EXERCISE OBJECTIVE: Reproduce exactly, and solely, the lines running from the top of the data below through the line with "На сегодняшний день", both inclusive. Omit pictures.

DATASET EXTRACT:
━━━━━━━━
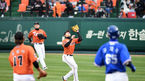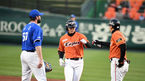 [OSEN=대전, 지형준 기자] 19일 오후 대전 한화생명이글스파크에서 ’2019 신한은행 MY CAR KBO 리그’ 한화 이글스와 삼성 라이온즈의 경기가 열렸다.1회말 무사에서 한화 선두타자 정은원이 우전안타를 날리고 고동진 코치와
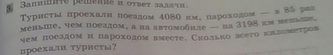 1) 4080: 85= 48(км) - проехали пароходом
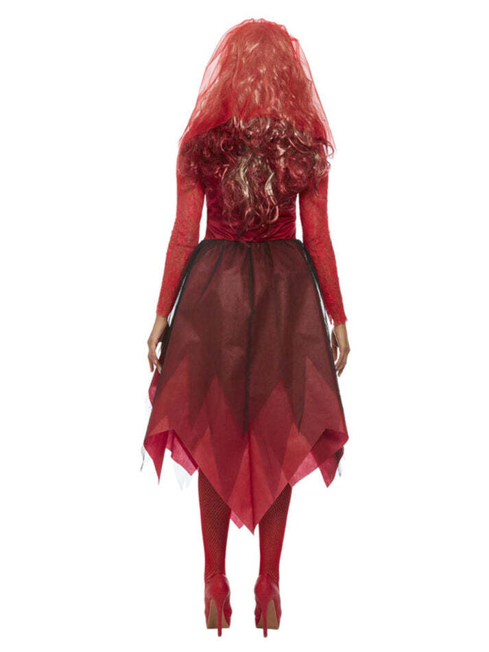 Prepare to embrace the eerie and haunting beauty of the afterlife with our Graveyard Bride Costume in Red! This Halloween costume is not just an outfit; it's a thrilling and captivating ensemble that combines the mystique of a bride with the darkness of the graveyard.
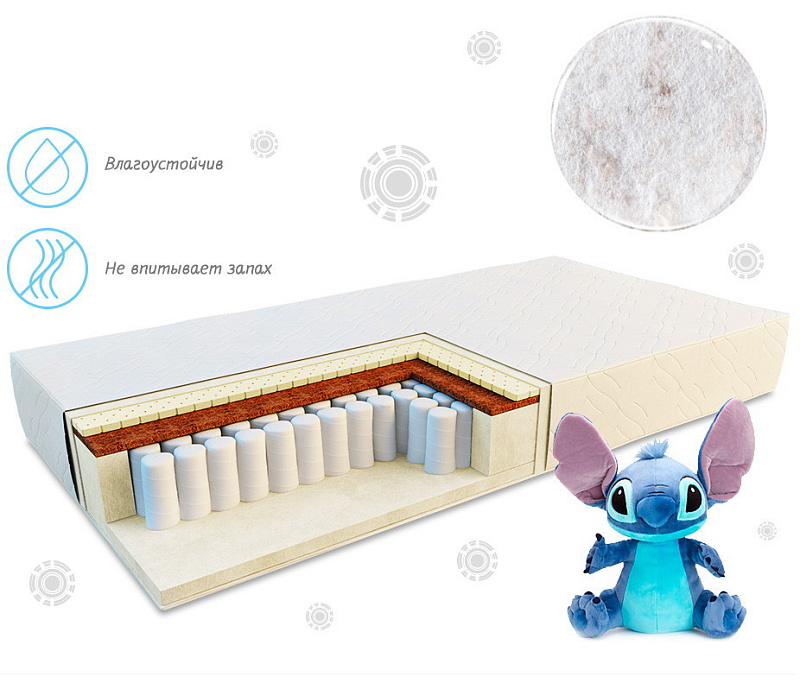 На сегодняшний день это самый популярный наполнитель для детских матрасов. Он экологически чист и гипоаллергенен. Кроме того, он наделен бактерицидными свойствами.
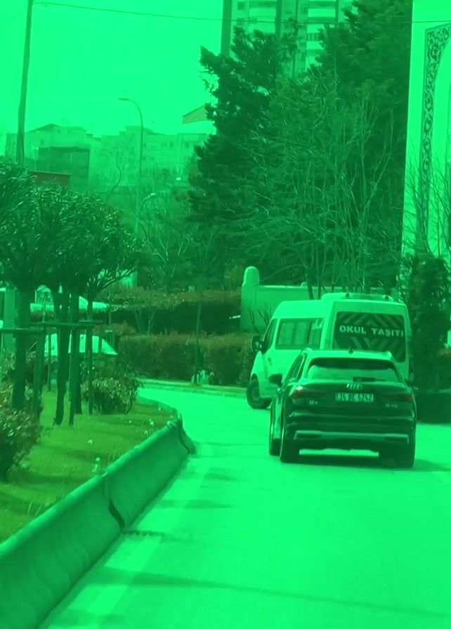 A vehicle drives on a street in Istanbul, Turkey. The view is filtered through a green tint. The rear of a black Audi SUV is visible, license plate 34 BC 6242, and a school van is parked nearby with “OKUL TAŞITI” (School Bus) visible on the back. Pedestrian crossing signs are visible on the side of the road, as are some buildings and trees. The road has a concrete median.
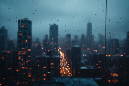 Moody rainfall over urban landscape blurred cityscape creating a melancholic ambiance
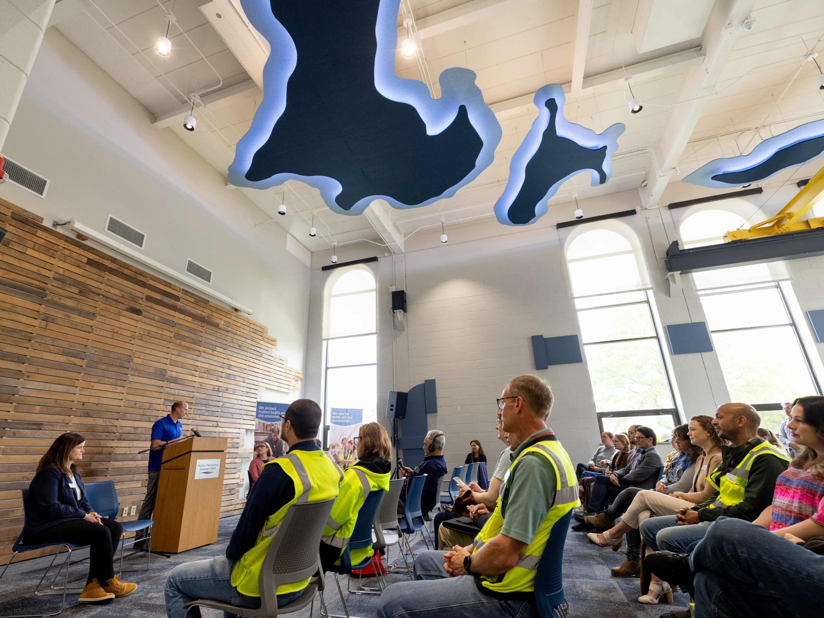 The vaulted ceilings that make the space unique, however, presented a problem for acoustics, which made communication in the space difficult. The intent of Shop One is to engage and empower water stewards in a flexible, functional and inviting workspace that invites community members to experience the District’s work and inspire creative approaches to the future. As such, we didn’t want standard fiberglass acoustical panels, but a creative solution that embodied the mission of the space. The final design, created and installed by Strang Architects, depicts the Yahara chain of lakes and installation was completed in early 2020.
━━━━━━━━
EXERCISE RESULT:
 [OSEN=대전, 지형준 기자] 19일 오후 대전 한화생명이글스파크에서 ’2019 신한은행 MY CAR KBO 리그’ 한화 이글스와 삼성 라이온즈의 경기가 열렸다.1회말 무사에서 한화 선두타자 정은원이 우전안타를 날리고 고동진 코치와
 1) 4080: 85= 48(км) - проехали пароходом
 Prepare to embrace the eerie and haunting beauty of the afterlife with our Graveyard Bride Costume in Red! This Halloween costume is not just an outfit; it's a thrilling and captivating ensemble that combines the mystique of a bride with the darkness of the graveyard.
 На сегодняшний день это самый популярный наполнитель для детских матрасов. Он экологически чист и гипоаллергенен. Кроме того, он наделен бактерицидными свойствами.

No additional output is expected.